Exercise prompt:
Among the entries below, only the lines from the one with "This document provides" through the one with "Postkrieg von 1965 - Düsseldorf nach Rosslau" are wanted, reproduced exactly. Pictures are not wanted.

Material for this task:
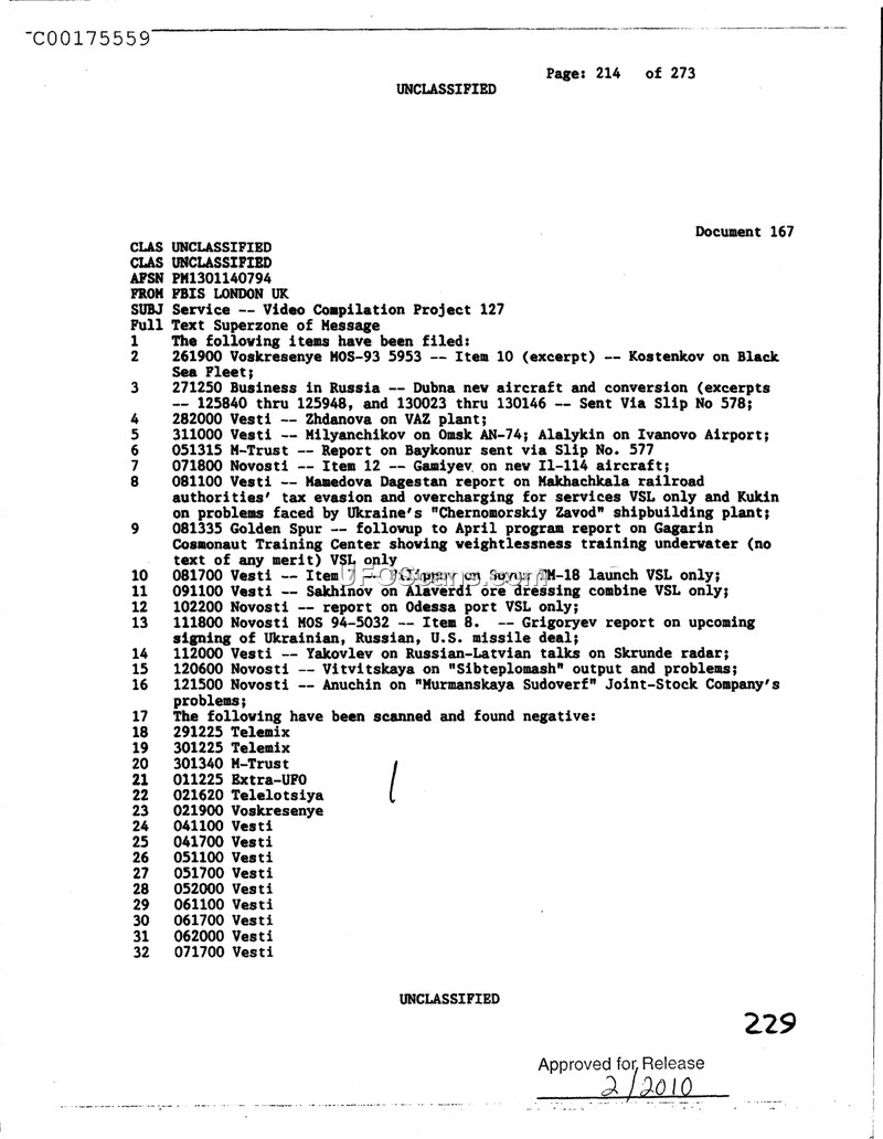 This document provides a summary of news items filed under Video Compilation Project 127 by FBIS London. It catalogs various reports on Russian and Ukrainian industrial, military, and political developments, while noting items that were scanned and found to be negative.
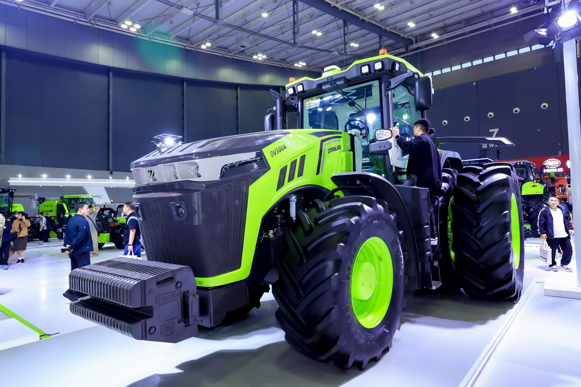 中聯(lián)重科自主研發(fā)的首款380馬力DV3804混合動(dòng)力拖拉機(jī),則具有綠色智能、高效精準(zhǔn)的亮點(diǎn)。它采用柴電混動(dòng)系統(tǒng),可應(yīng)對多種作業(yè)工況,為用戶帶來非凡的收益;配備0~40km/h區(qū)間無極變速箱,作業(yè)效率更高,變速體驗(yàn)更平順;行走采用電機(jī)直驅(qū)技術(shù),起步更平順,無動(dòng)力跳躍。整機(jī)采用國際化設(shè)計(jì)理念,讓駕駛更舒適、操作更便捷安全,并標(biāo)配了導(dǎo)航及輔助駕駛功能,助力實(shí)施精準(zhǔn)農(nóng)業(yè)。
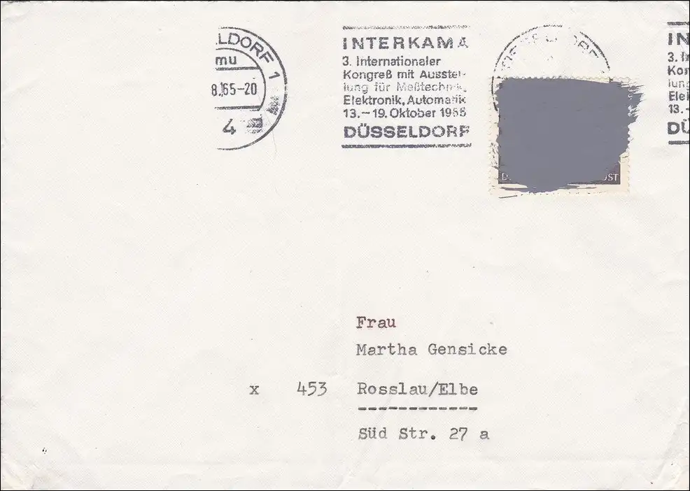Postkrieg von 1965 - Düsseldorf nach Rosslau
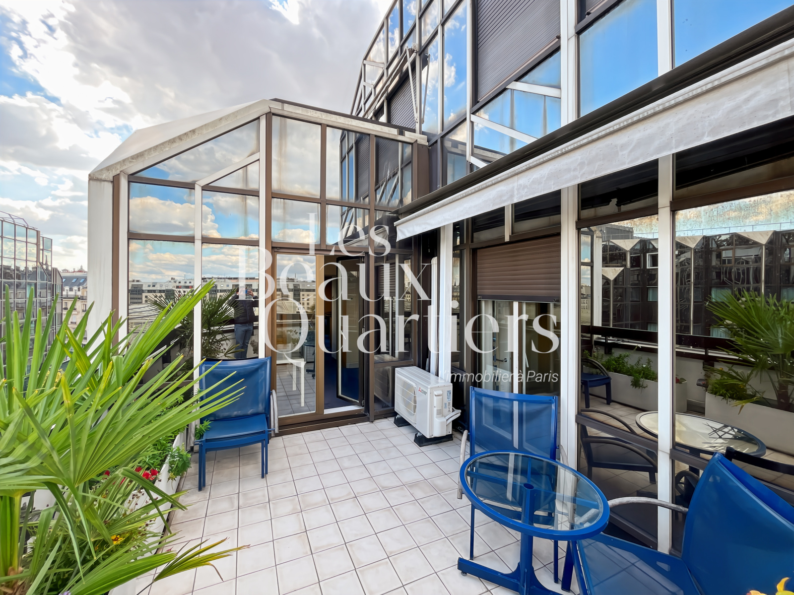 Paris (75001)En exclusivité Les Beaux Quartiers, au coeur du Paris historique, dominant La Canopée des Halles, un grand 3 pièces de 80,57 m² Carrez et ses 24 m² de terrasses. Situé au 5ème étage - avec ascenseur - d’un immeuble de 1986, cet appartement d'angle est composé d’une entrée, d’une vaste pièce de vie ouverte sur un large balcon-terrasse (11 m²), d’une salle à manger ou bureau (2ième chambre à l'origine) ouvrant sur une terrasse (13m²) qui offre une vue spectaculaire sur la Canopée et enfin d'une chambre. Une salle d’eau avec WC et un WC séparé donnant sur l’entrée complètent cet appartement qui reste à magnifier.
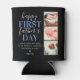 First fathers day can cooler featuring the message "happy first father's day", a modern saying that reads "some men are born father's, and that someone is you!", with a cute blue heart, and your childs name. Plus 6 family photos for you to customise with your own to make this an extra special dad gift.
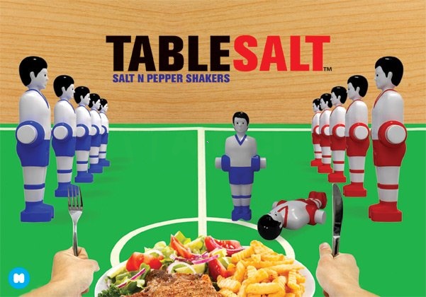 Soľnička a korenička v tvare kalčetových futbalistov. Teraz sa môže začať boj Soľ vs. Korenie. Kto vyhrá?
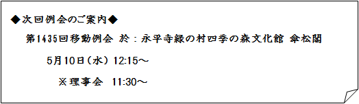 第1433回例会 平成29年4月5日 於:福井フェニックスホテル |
---
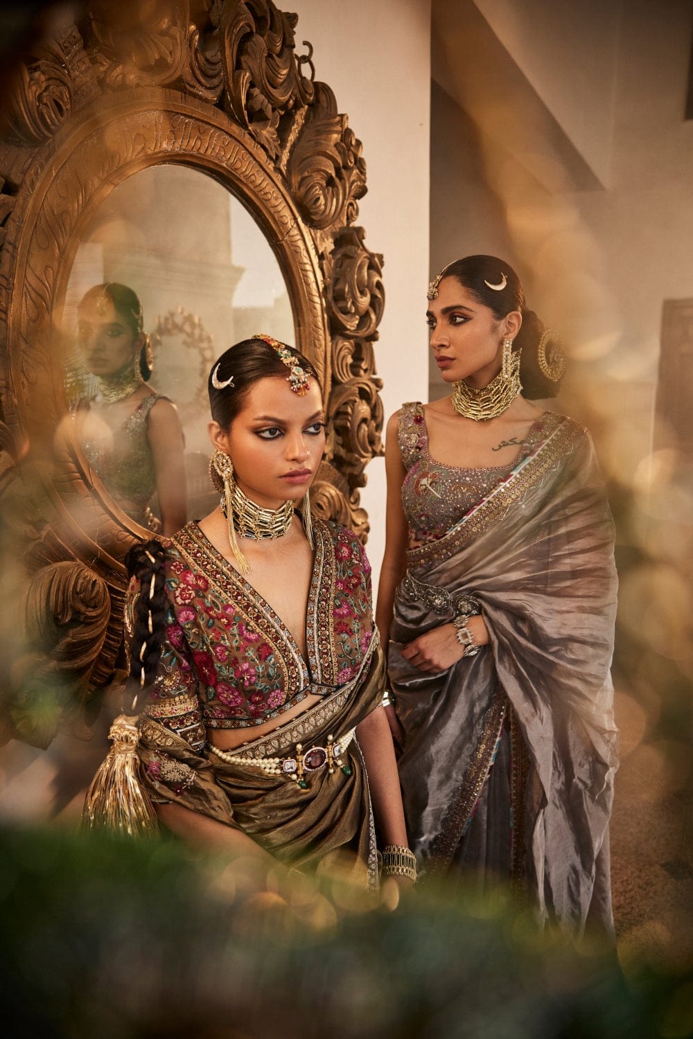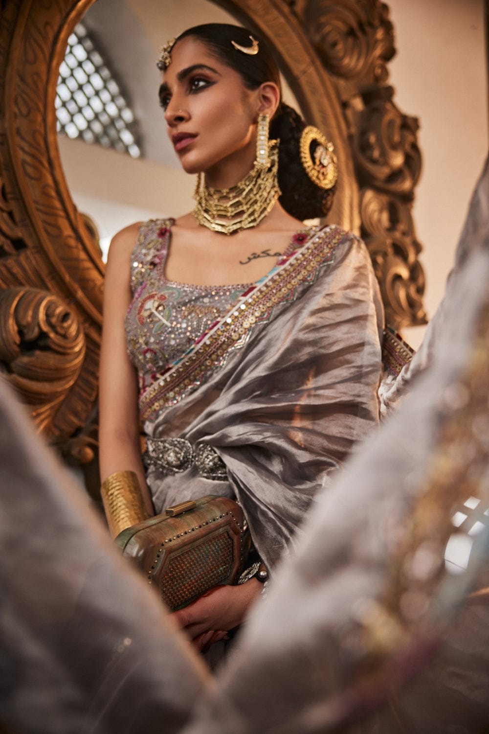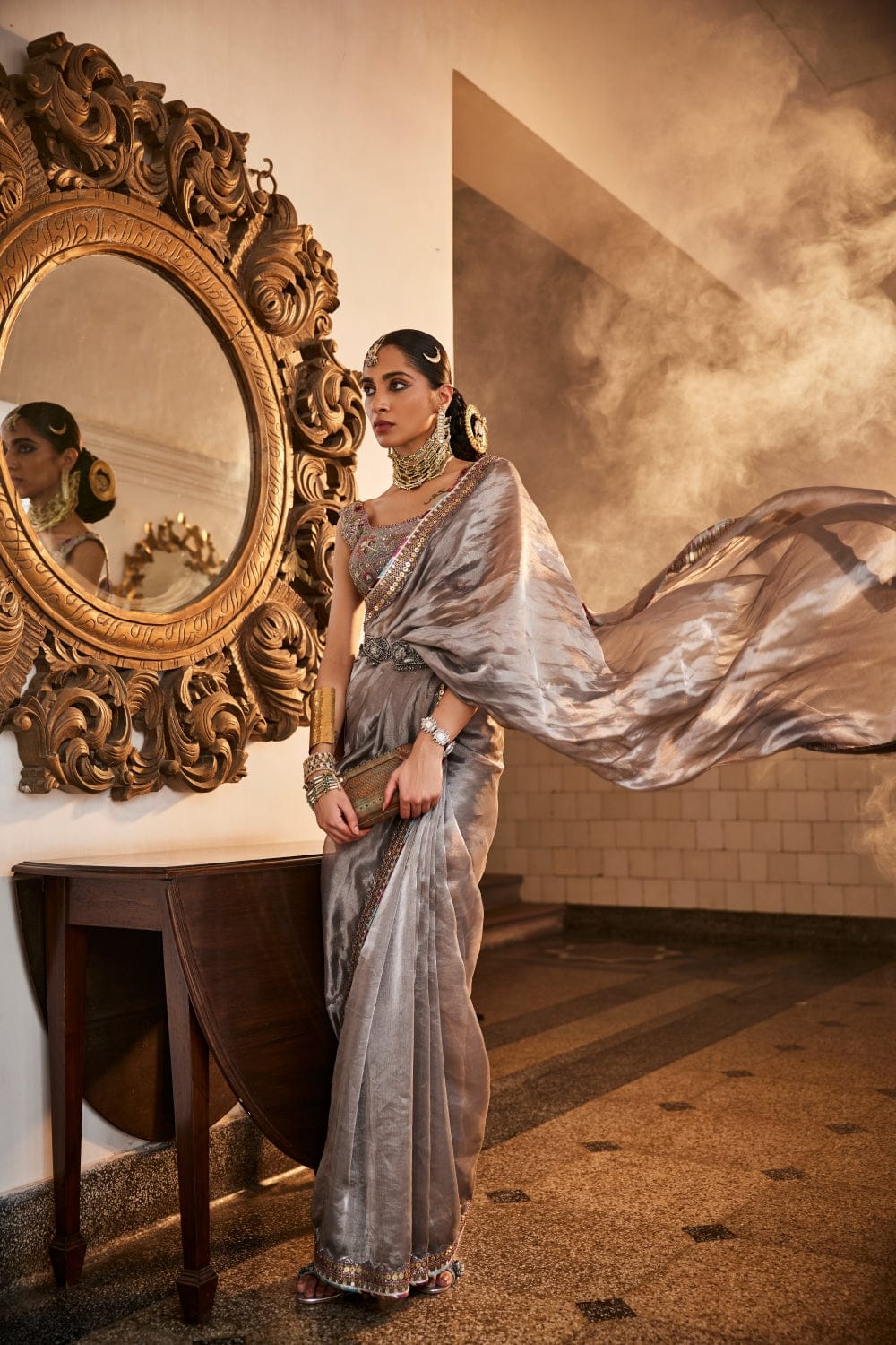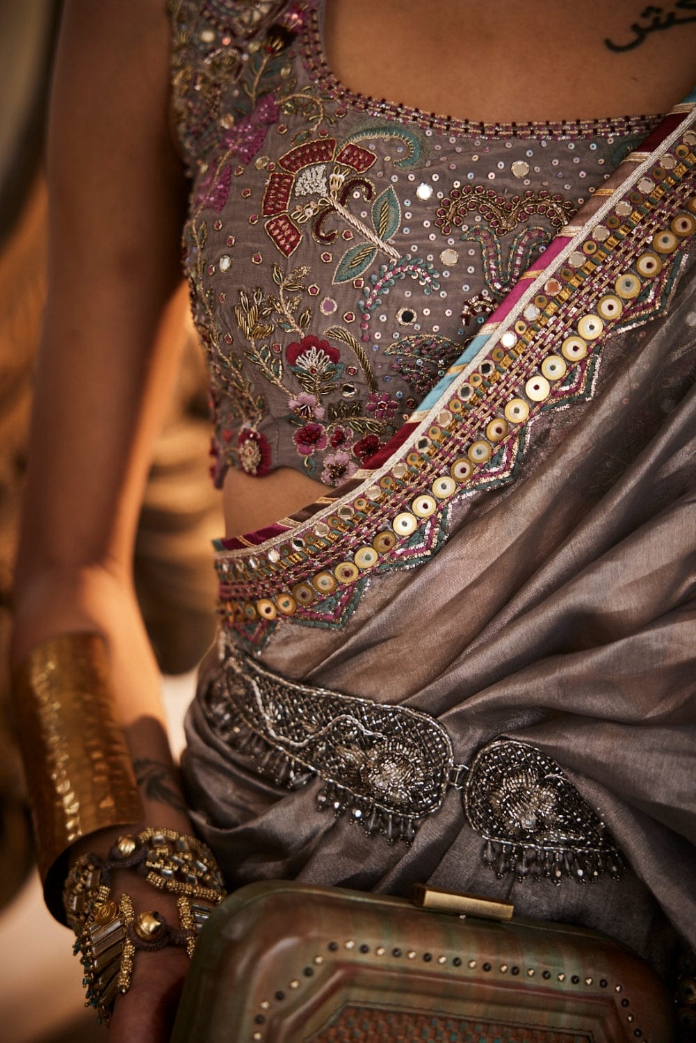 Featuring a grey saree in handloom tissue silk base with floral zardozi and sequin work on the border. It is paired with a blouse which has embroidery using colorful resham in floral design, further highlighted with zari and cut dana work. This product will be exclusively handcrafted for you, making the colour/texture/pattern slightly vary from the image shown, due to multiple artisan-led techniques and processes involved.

Solution for this problem:
 This document provides a summary of news items filed under Video Compilation Project 127 by FBIS London. It catalogs various reports on Russian and Ukrainian industrial, military, and political developments, while noting items that were scanned and found to be negative.
 中聯(lián)重科自主研發(fā)的首款380馬力DV3804混合動(dòng)力拖拉機(jī),則具有綠色智能、高效精準(zhǔn)的亮點(diǎn)。它采用柴電混動(dòng)系統(tǒng),可應(yīng)對多種作業(yè)工況,為用戶帶來非凡的收益;配備0~40km/h區(qū)間無極變速箱,作業(yè)效率更高,變速體驗(yàn)更平順;行走采用電機(jī)直驅(qū)技術(shù),起步更平順,無動(dòng)力跳躍。整機(jī)采用國際化設(shè)計(jì)理念,讓駕駛更舒適、操作更便捷安全,并標(biāo)配了導(dǎo)航及輔助駕駛功能,助力實(shí)施精準(zhǔn)農(nóng)業(yè)。
Postkrieg von 1965 - Düsseldorf nach Rosslau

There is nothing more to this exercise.